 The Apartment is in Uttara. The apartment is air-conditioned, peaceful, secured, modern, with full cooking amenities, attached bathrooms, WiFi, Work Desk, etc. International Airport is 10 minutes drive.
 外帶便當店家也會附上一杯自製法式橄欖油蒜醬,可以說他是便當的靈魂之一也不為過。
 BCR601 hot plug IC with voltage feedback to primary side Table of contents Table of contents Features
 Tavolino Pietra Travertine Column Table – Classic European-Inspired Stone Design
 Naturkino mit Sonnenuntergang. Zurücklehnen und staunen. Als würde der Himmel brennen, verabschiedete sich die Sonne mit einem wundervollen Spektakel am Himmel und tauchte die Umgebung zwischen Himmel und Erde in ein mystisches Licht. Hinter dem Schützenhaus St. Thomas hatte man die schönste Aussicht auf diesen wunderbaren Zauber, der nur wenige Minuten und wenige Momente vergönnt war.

______

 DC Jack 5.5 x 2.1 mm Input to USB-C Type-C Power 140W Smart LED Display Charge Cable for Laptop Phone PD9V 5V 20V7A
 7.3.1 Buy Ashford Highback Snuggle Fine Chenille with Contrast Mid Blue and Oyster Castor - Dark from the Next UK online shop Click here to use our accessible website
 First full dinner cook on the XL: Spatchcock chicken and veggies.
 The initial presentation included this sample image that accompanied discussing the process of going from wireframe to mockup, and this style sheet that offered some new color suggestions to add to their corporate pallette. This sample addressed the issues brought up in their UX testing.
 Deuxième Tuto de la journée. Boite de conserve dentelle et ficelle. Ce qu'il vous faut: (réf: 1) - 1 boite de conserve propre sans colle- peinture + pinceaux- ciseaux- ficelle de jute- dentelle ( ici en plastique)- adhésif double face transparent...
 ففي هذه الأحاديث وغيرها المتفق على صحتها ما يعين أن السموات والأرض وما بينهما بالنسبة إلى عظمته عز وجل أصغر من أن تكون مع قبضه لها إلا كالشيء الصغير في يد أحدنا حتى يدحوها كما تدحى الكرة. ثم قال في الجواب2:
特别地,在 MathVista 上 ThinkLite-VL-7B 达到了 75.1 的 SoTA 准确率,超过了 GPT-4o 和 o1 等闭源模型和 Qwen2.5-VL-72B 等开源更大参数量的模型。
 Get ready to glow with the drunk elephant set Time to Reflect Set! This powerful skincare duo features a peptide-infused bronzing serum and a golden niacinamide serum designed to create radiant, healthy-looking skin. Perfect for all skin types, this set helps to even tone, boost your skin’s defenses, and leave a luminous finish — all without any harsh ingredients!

______

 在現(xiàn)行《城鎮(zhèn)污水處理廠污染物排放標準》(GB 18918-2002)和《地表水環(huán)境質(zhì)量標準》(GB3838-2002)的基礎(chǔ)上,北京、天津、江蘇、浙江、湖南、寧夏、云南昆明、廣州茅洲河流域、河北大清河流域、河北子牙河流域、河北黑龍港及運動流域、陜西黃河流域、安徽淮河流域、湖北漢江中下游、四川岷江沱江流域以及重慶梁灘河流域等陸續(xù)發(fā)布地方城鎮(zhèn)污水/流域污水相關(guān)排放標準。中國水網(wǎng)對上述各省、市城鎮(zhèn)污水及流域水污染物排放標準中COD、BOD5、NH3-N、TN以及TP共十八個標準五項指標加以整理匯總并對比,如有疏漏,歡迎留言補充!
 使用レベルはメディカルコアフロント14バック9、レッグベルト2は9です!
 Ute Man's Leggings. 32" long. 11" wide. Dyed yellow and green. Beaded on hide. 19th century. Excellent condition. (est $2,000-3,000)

______

PROBLEM REQUIREMENTS => From the records above, work out how many lines contain the string "Table". Give only the number.

RESULT FOR THIS TASK => 2